# sound out of cable box



## amakarevic (Apr 12, 2007)

i am asking this question because i am wiring a room for sound but i do not use TV and do not have a cable box to see first hand.

does the sound come out of the cable box or out of the TV ? and in case the sound is output through TV, will a single RG-6 cable deliver both video and sound from the cable box to TV? 

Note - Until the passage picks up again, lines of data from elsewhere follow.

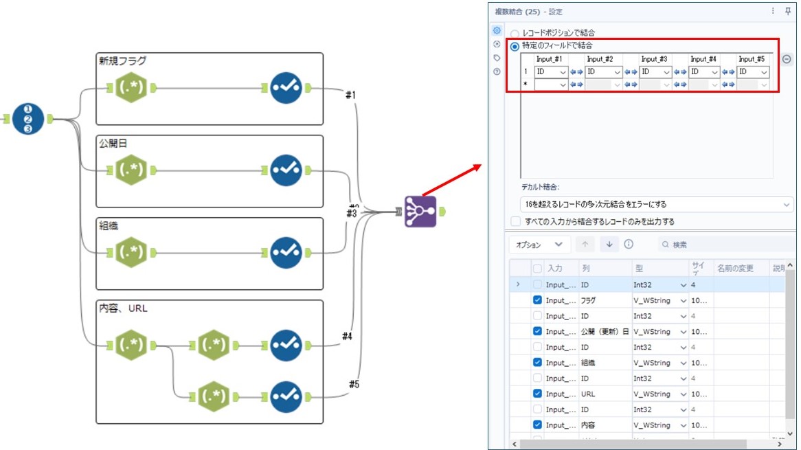 抽出が完了したら、複数結合ツール を使用して、IDフィールドを基準にデータを結合します。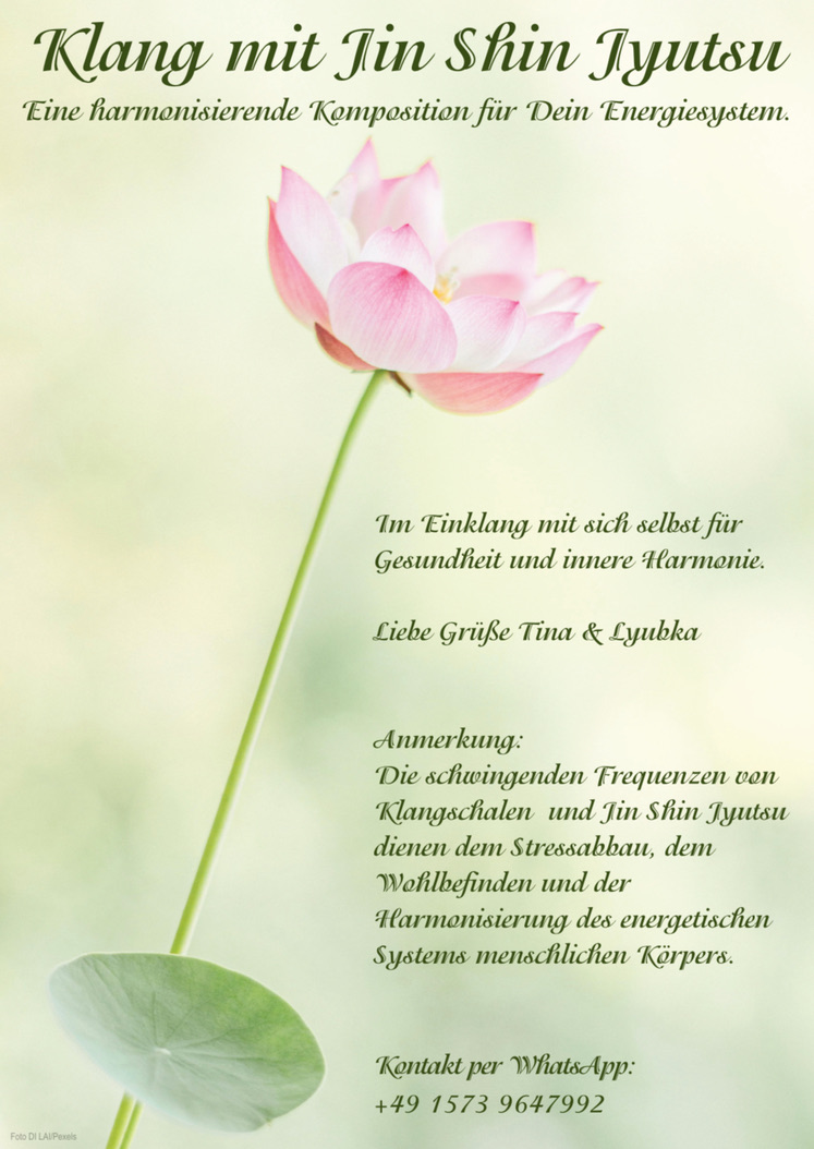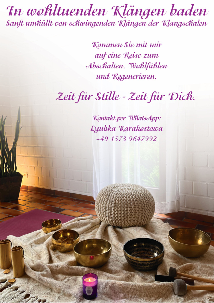 Durch die Klänge und die intensiven Schwingungen der Klangschalen wird eine harmonische Klanglandschaft erzeugt, die zur inneren Harmonie beträgt. Diese Klänge helfen loszulassen und führen zu tiefer Entspannung, unterstützen den Stressabbau, fördern die Achtsamkeit und erzeugen ein Gefühl der inneren Ruhe.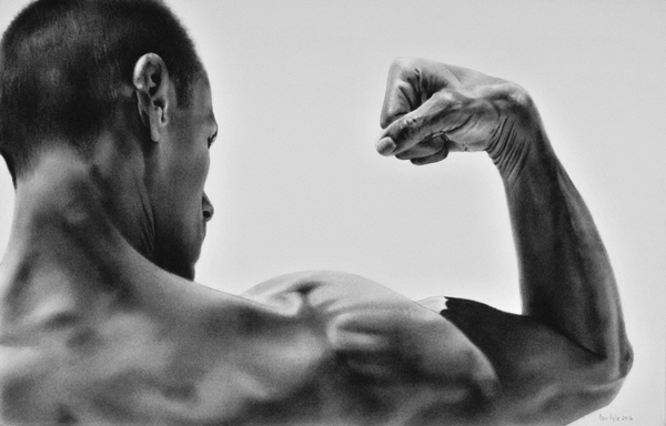 Dan uses a style that mimics reality to the point that his drawings are often mistaken for photographs. He loves shadows, contrast, anonymity and compellingly uses negative space in his compositions.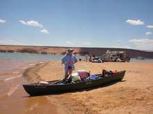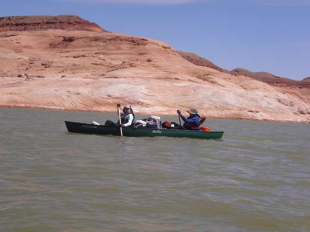 Chuck Leinweber invited me to join a group of folks at Lake Powell in June. This messabout has been going on for years and is commonly referred to as the Kokopelli cruise. I planned on getting my Michalak designed shantyboat, “Shanteuse”, finished in time for the messabout, but was unable to complete it by then. So I purchased a canoe a couple of weeks before the trip, and my daughter Cathy joined me for the adventure. I was nervous about the trip as I had not paddled a canoe in years; and that only for a brief hour on a secluded creek. Capsizing the canoe during the trip was my biggest concern, but we never did.

this is why i am asking: i am setting wiring so that TV can hang on top of the wall. to avoid unsightly loose exposed cables, i set wiring behind drywall. right now, all i planned is that a single RG-6 cable runs from the bottom of the wall (where the cable box and receiver are planned to be) to an outlet on top where the TV will be. the question is will this setup provide for both outputting sound through the TV as well as optionally through a receiver and speakers if i choose so later. i am *HOPING* that in the former, simpler, scenario, both video and sound go from the box to TV and in the latter, more sophisticated scenario, just the video and another cable (monster or HDMI) from the cable box to the receiver directly because they don't need behind-the-wall wiring cause they'll be stacked in proximity to one another.

thanks


----------



## Evstarr (Nov 15, 2011)

IF it is a halfway recent cable box. It will have at least a left/right audio with video (composite) and a single coax connector that takes both audio and video to the tv on one wire. 

Some Newer tvs lack that input. 

Newer still cable boxes will have. Component video as well as the stereo out for audio ( totaling 5 wires to the tv or 3 to the tv and 2 to a receiver. 

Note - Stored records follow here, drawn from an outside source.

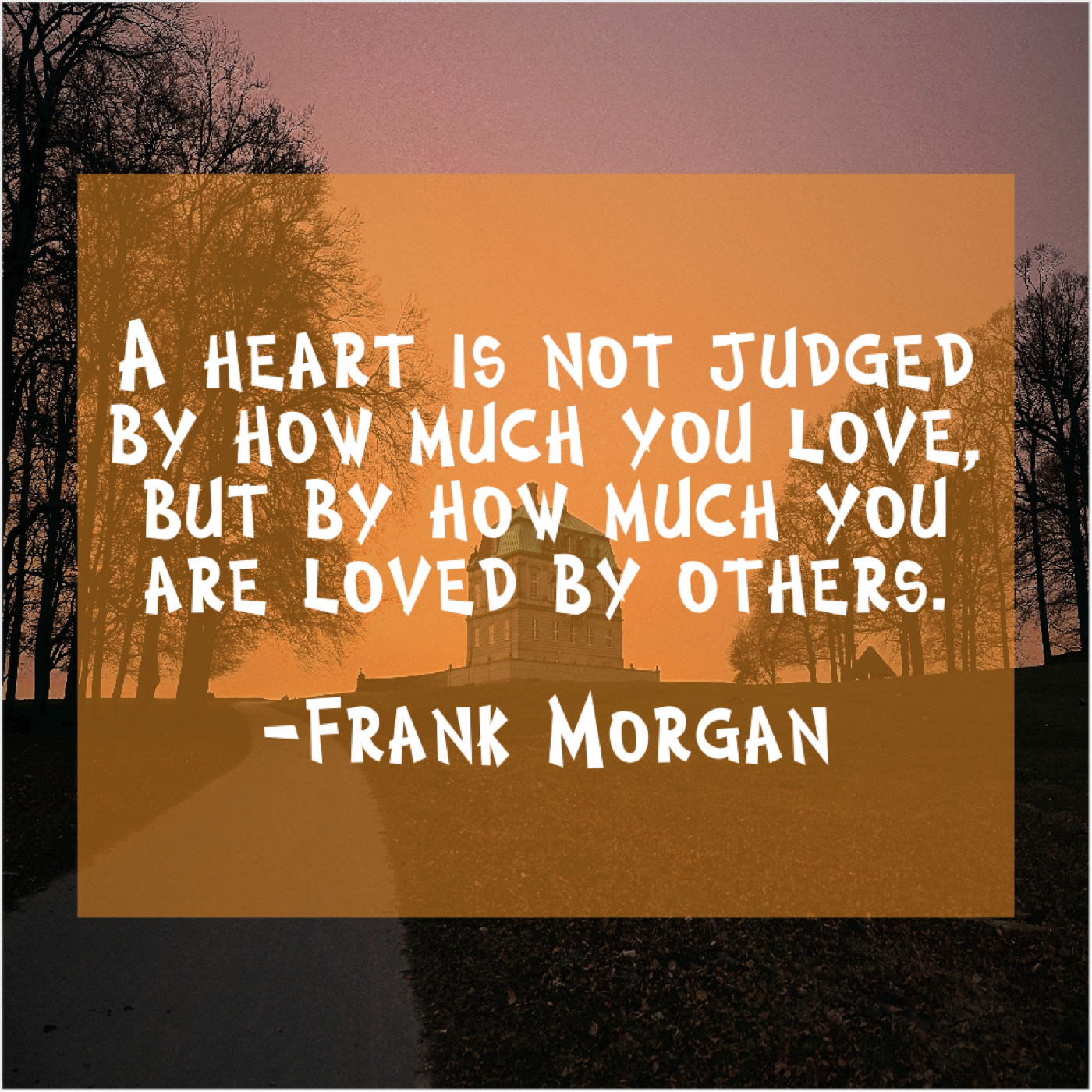 Frank Morgan Frank Morgan – A heart is not judged… September 18, 2019 admin “A heart is not judged by how much you love, but by how much you are loved by others.”-Frank Morgan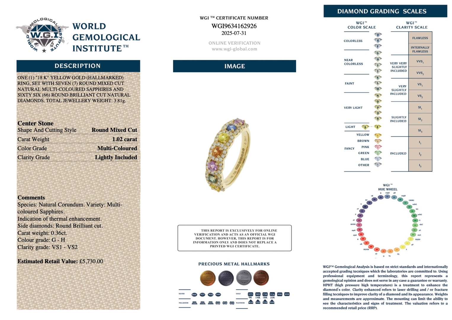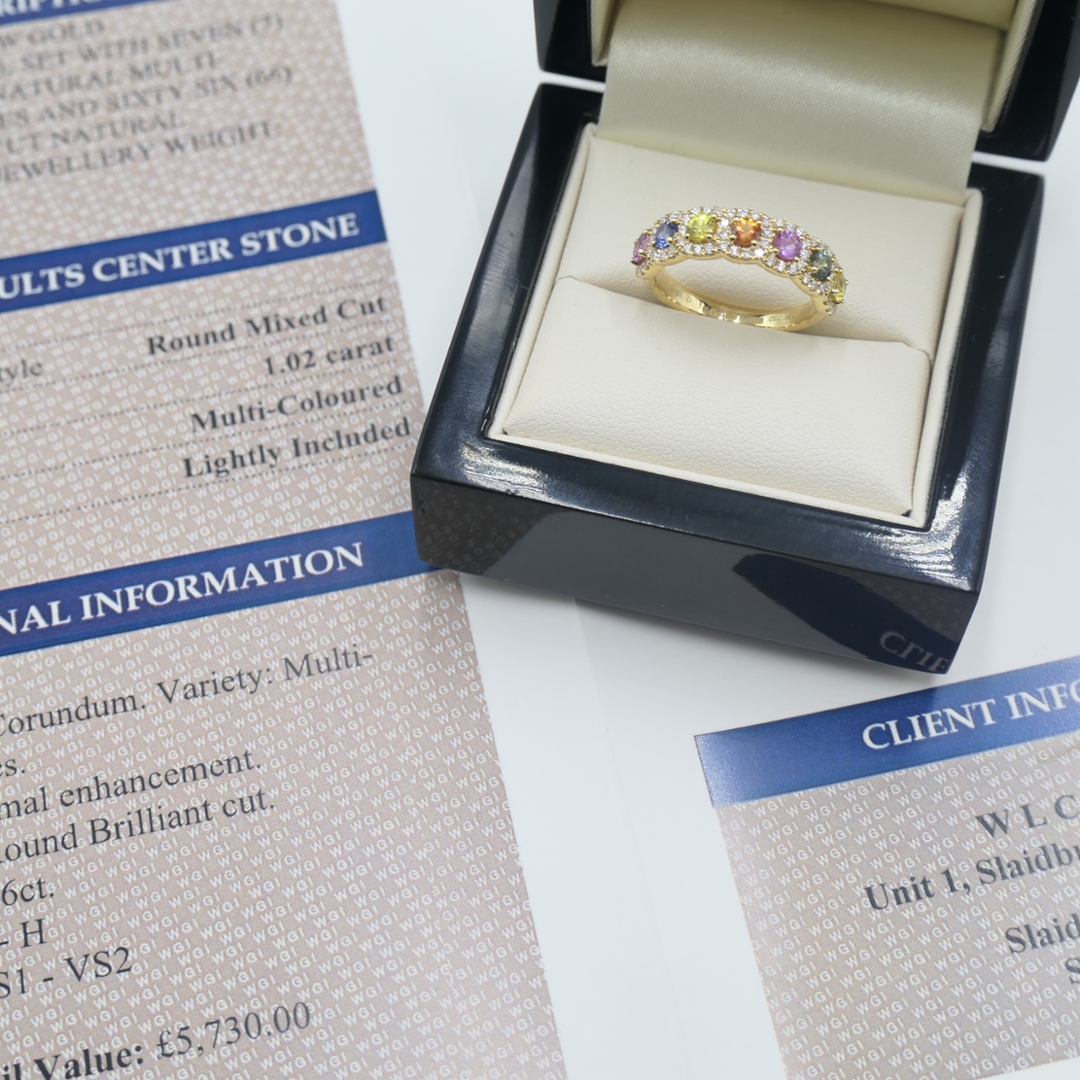 With an expert valuation of £5,730.00, this remarkable ring offers the perfect fusion of vivid gemstones, masterful craftsmanship, and the lasting value of natural diamonds—an heirloom-quality piece to treasure for a lifetime.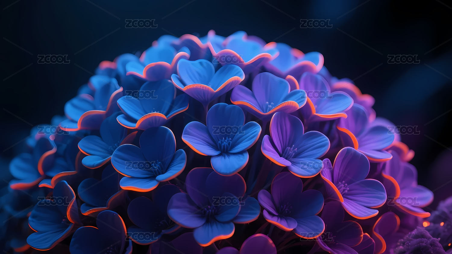 蓝紫花朵橙色荧光

Some will have hdmi connections and digital audio outs. 

Best bet would be to find out what the boxes used by your cable company offer. Should be diagrams and pics on the cable company web site.


----------



## gregzoll (Dec 25, 2006)

Yes, go get a soundbar like the Vizio 206, which is what I have. It has two inputs, one uses a 3/8" stereo plug, and the other uses RCA for left & right. I have it connected both to our Blu-Ray player & ATT U-Verse box for audio, since the speakers on our tv are not that great. Before, I had the audio going through our 2 channel stereo receiver, with the speakers playing back the audio.


----------



## av-geek (Jan 15, 2012)

If you are using a newer flat-panel TV, you have several options:

You can use the RG6 cable from the converter box to the TV, but this is the "lowest common denominator" This will give you standard-definition picture with mono sound with a maximum of about 300 lines of resolution. You just tune the TV to analog channel 3. 

Second option is to use the Red, white and yellow RCA jacks and run the signal into the video input on the TV. Again, this will be standard definition, but with a little bit better (about 400 lines) resolution. You will also get stereo sound. Yellow carries the picture, red, right audio, and white left audio.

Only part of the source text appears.